Considering the basic right fostered by DNR – right to one’s autonomy, do you think it is appropriate for a health care provider to render such order despite of their sworn pledges? Please elaborate your answer based on the following sworn pledges. “I solemnly pledge myself before God and in the presence of this assembly… I will abstain from whatever is deleterious and mischievous… devote myself to the welfare of those committed to my care. ” Nightingale’s Pledge “To practice and prescribe to the best of my ability for the good of my patients, and to try to avoid harming them….
…To keep the good of the patient as the highest priority…” Hippocratic Oath 2. DNR, by request, is being practiced predominantly in the western cultures since this is part of the patient’s autonomy. Hence, hospitals and physician consider DNR-by-request despite of the possible interventions that the medical team can render to the patient’s condition. In such case, do you think you are saving the life of an individual by adhering to his right of autonomy? 3. The sworn oath of every health care provider is to provide the utmost care and save lives.
Do you think it is ethical to deliver DNR order with or without available medical options just to satisfy the rights of autonomy and patient’s right to dignified death?

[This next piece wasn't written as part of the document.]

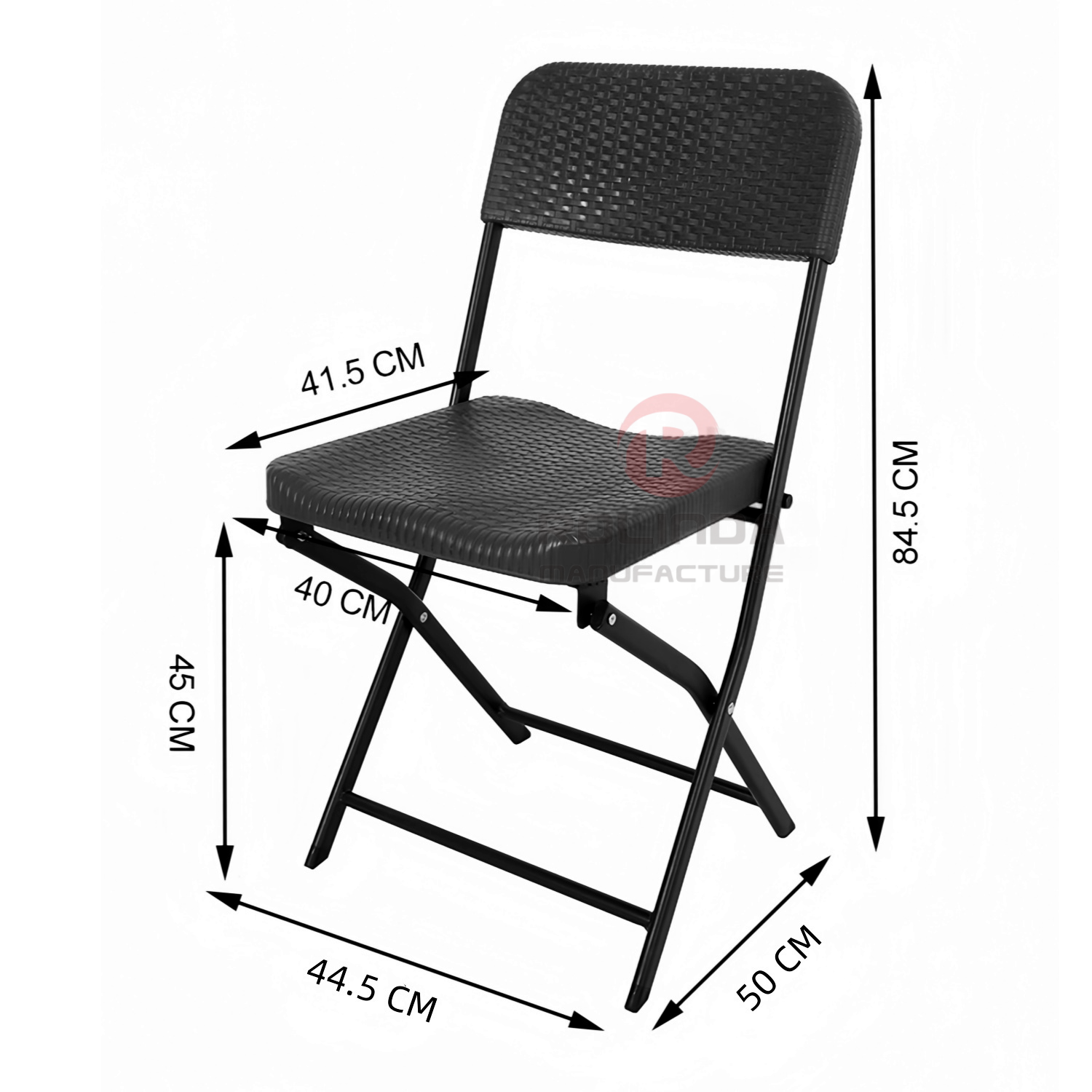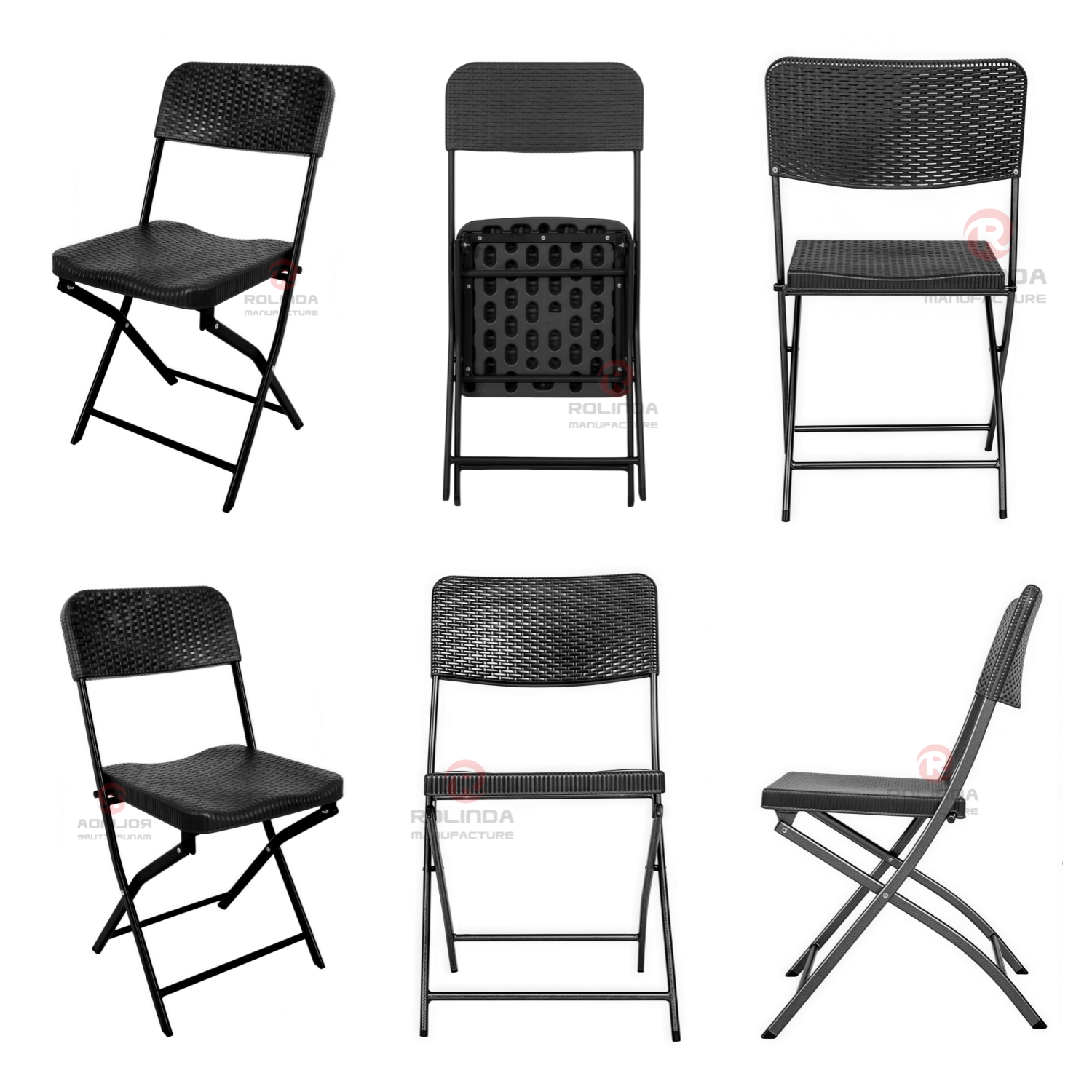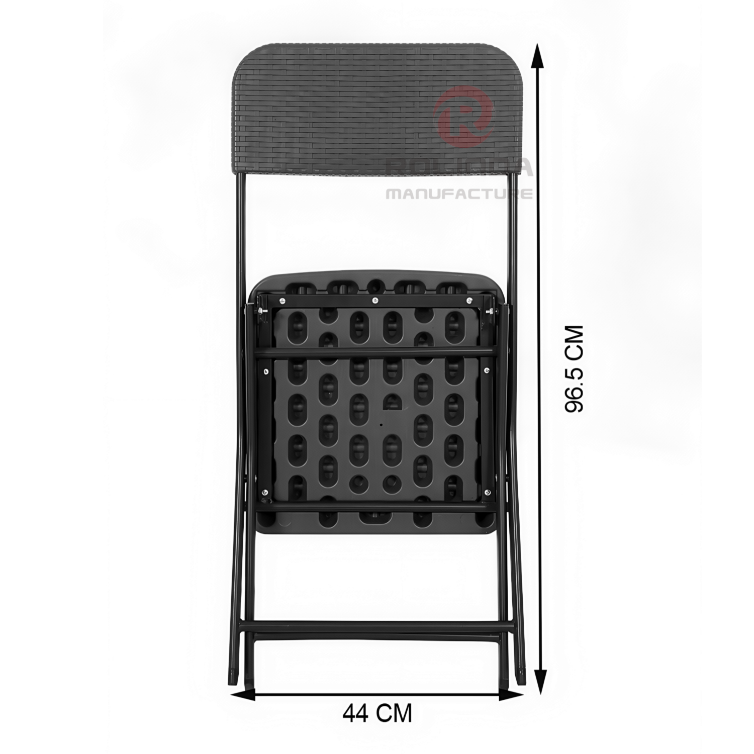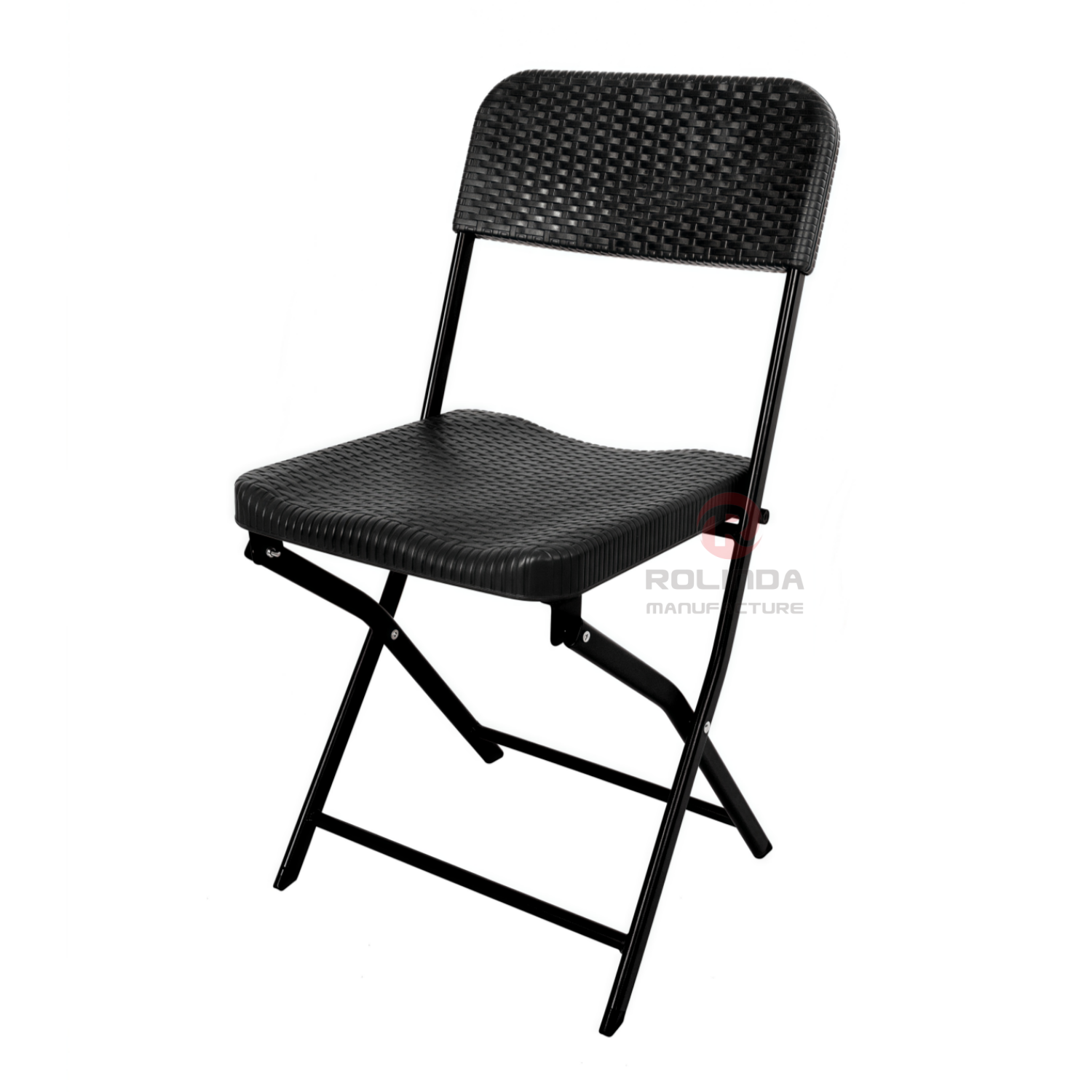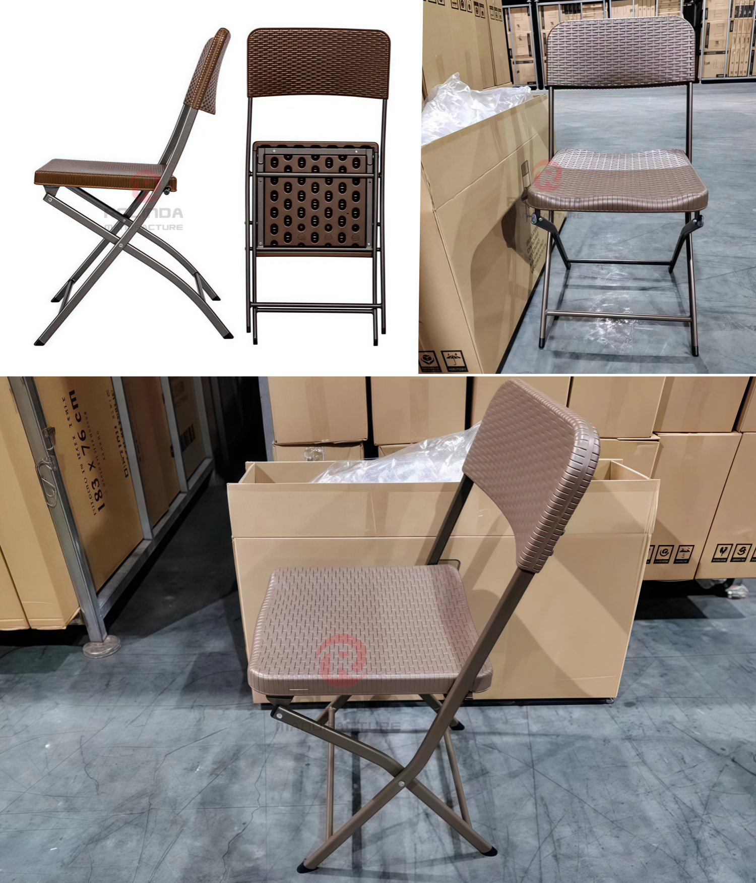 Rattan HDPE Folding Chair: Thick Panel, Sturdy Steel Frame & Space-Saving Design This rattan-style folding chair features a 4cm thick HDPE plastic panel (mimicking rattan texture) and a 14×28mm powder-coated steel frame. Blending rustic rattan charm with durability, it’s foldable for easy storage—ideal for patios, camping, or home leisure.

If yes, are you not compromising the patient’s rights to life, beneficence, nonmalifecence and utmost care? (There are many rights being compromised by just adhering to the said two rights) 4. Since DNR order negates the use of other apparatus associated to Cardiopulmonary resuscitation, are you not forfeiting or compromising other non-related medical interventions (e. g. surgical operations, etc. ) that can save the patient life?
5. According to Beach and Morrison (2002), DNR order cultivates reluctance of physicians in providing surgical or invasive procedure, do you agree on this study conclusion? If no, then how will you handle a major surgical operation on a DNR patient that will eventually require CPR and other forms of life resuscitation since this is a standard event during major surgery? 6. In terms of dignified death, do you think the patient is dignified whenever a health care provider prevents his/her task from initiating methods (e. g. CPR) that might still save the life of a DNR patient? 7. Are you not defeating the purpose of hospital care if you admit a DNR patient?
(The purpose of the hospital is basically to care, tend to the wounded and save lives) Since a DNR patient will die anyway, why do you think the hospital should admit them considering that the amount of their medical expenses can exceed sky-high just by waiting or dying in a hospital?
8. Considering the study of Watcher, Goldman and Hollander (2005), most patients who ultimately receive DNR orders are competent at the time of admission, but not competent (e. g. experiencing deficits in coherence, under confusion, experiencing severe pain, etc. ) when the DNR order is finally written. Do you think it is still appropriate to consider their DNR request in such condition? If yes, are you not compromising the welfare of your patient by such incompetent decisions, and since not all hospital implement such decision evaluation, do you think it is also ethical to administer such order from an incompetent patient? Conclusion on Con Side of DNR DNR order is thought to be an appropriate palliative measure derived from the ethical principles of autonomy and dignified death.
However, such order provides various disadvantages according to numerous studies, specifically (1) inappropriate decision making of most patients requesting DNR that eventually results to incompetent decision making and eventually compromising the welfare of the patient; (2) essentially limits the possibility of life saving interventions or further alleviations of the condition since DNR-by-request automatically implies the patient’s unwillingness towards medical life-saving interventions; (3) impairs the effectiveness and efficiency of surgical operations if required since surgical operations, especially in major cases, can always trigger events that may need immediate life-saving resuscitation; (4) increased incidence of death among DNR patients regardless of death potentials, and (5) increased health costs due to longer hospital stays, palliative interventions and dying within hospital premises.